Assignment | Begin the copy at the line that contains "British racehorse Busybody, parading", end it at the last line of the entries below, keep every word exact, and include no pictures.

━━━━━━━━━━━━━━━━

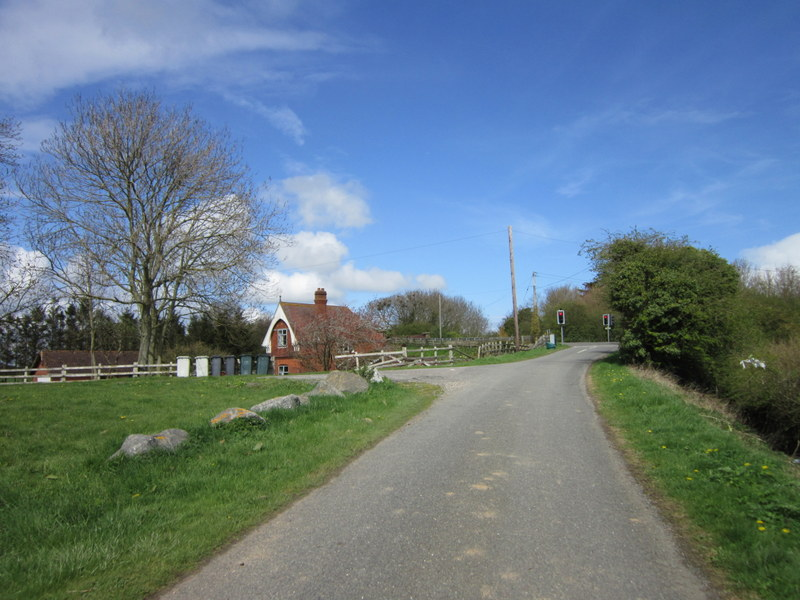 Mumby Road Station House near Thurlby
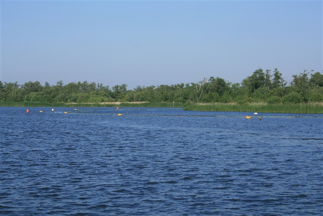 Restoration measures, Barton Broad Barton Broad used to suffer from severe eutrophication and silting. The nutrient-rich mud was pumped out, and an ecological intervention put in place - excluding fish from certain areas, in order to increase the population of Daphnia (water flea) and thereby control the algae. Lower algae levels mean clearer water, and greater plant growth, which in turn provides shelter for Daphnia from predation by fish. This photo shows one of the fish "exclosures" - below the floats, mesh curtains hang to the bottom of the broad.
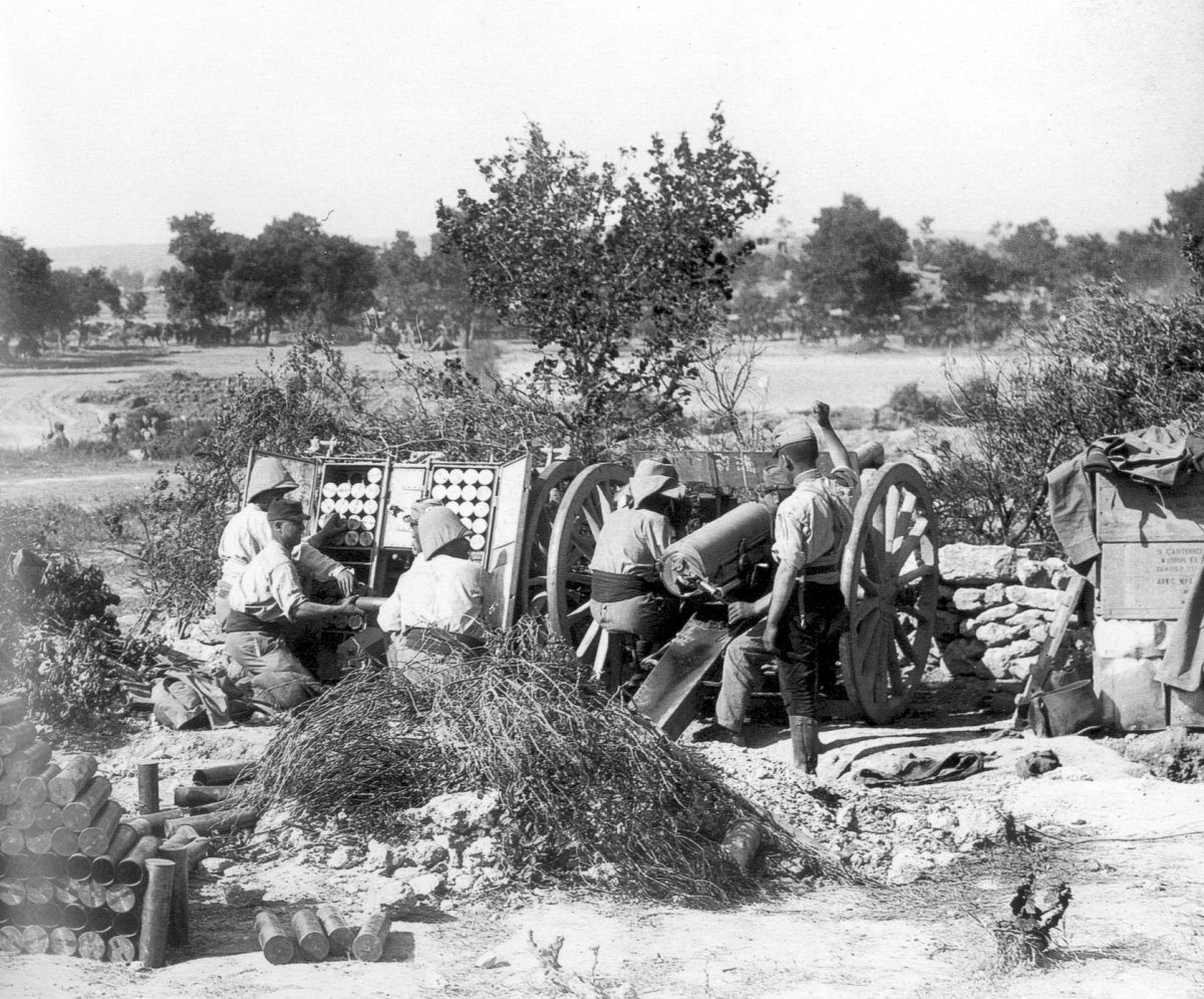 A French Colonial 75 mm artillery gun in action near Sedd el Bahr at Cape Helles, Gallipoli during the Third Battle of Krithia, 4 June 1915.
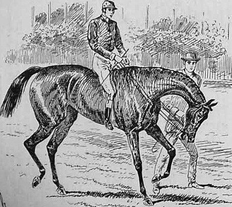 British racehorse Busybody, parading before the Epsom Oaks, from Illustrated London News, May 1884.
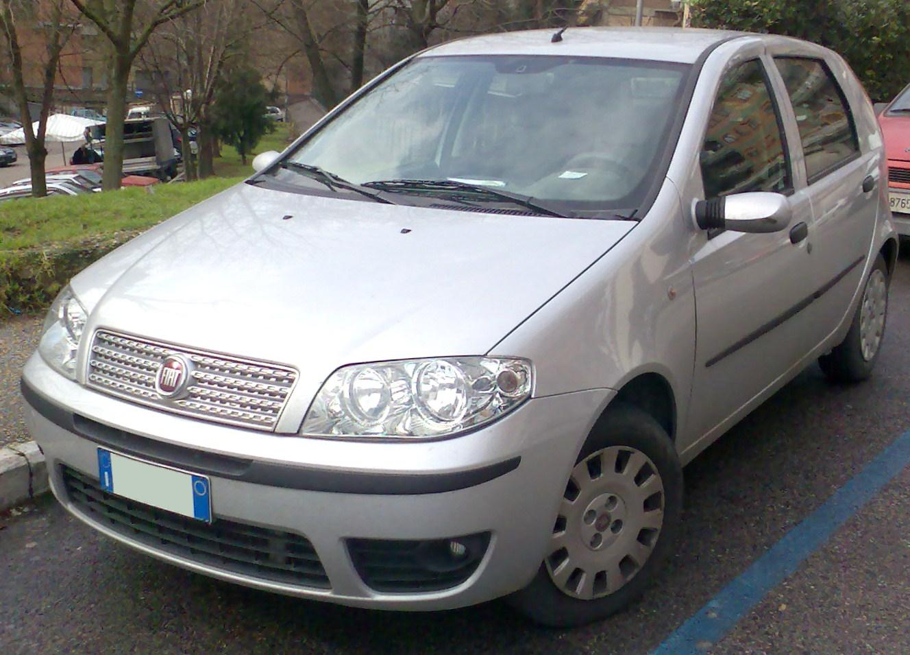 2010 Fiat Punto Classic
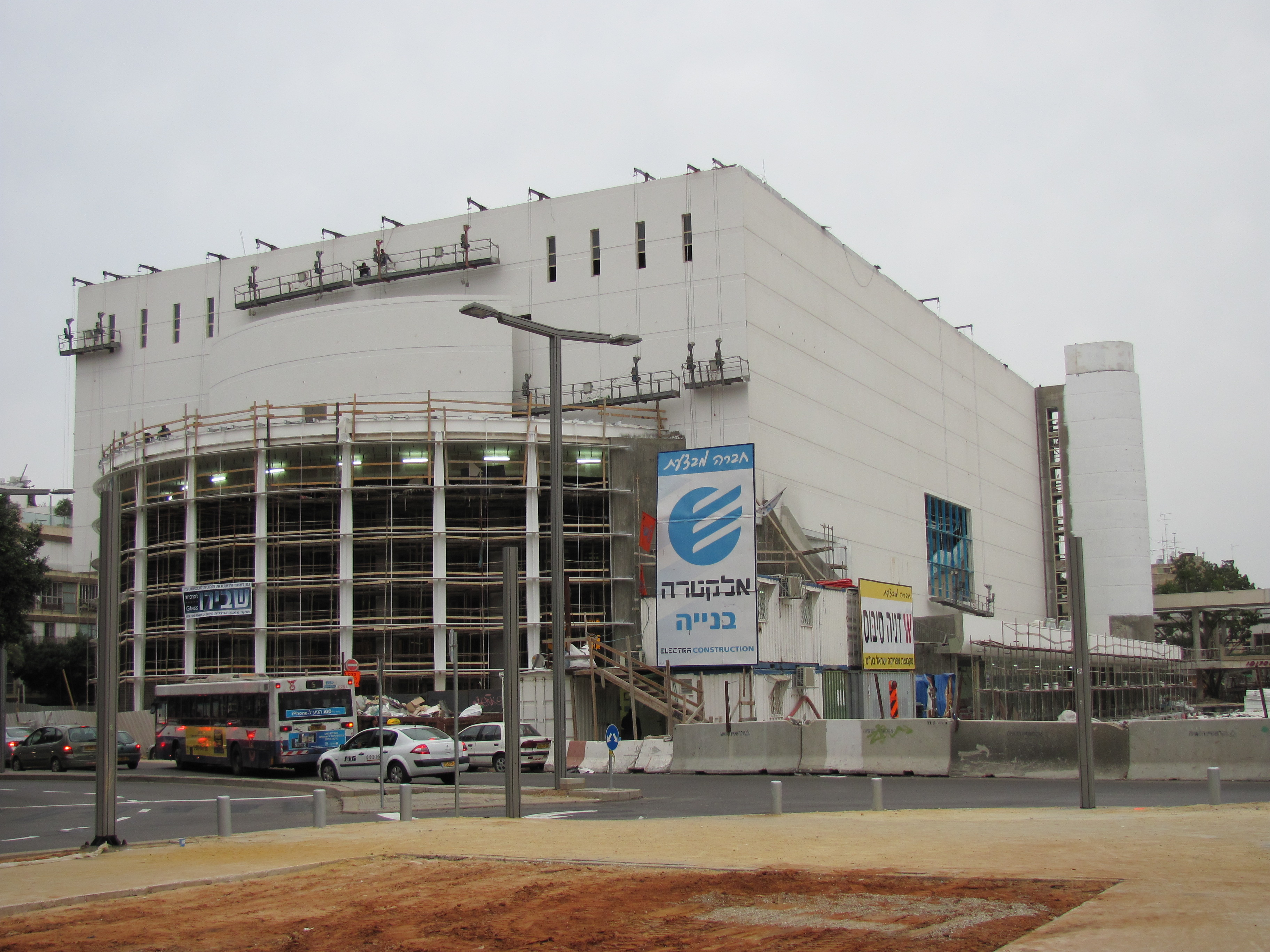 Habima national thatre undergoing renovation works.
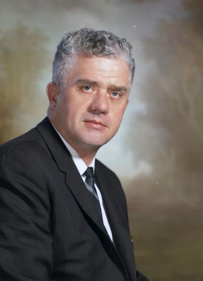 Senator Don L. Talley, 1967
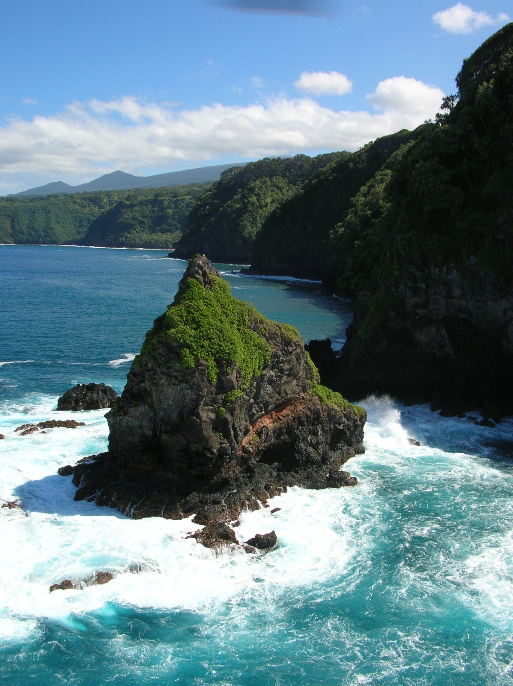 Peucedanum sandwicense (habit). Location: Maui, Makoloaka
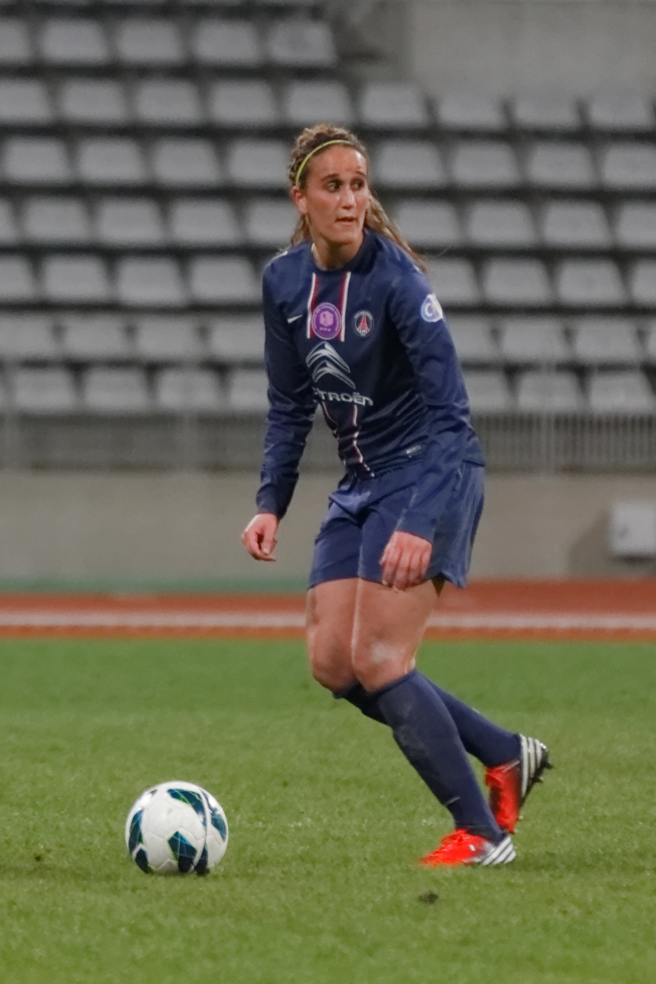 PSG-Juvisy, March 23th, 2013.
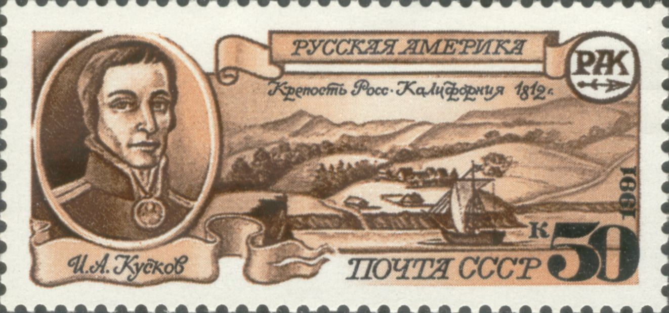 Stamp of the Soviet Union, Russian explorer of Alaska and California Ivan Kuskov, 1991, CPA #6304.

━━━━━━━━━━━━━━━━

Task answer |
 British racehorse Busybody, parading before the Epsom Oaks, from Illustrated London News, May 1884.
 2010 Fiat Punto Classic
 Habima national thatre undergoing renovation works.
 Senator Don L. Talley, 1967
 Peucedanum sandwicense (habit). Location: Maui, Makoloaka
 PSG-Juvisy, March 23th, 2013.
 Stamp of the Soviet Union, Russian explorer of Alaska and California Ivan Kuskov, 1991, CPA #6304.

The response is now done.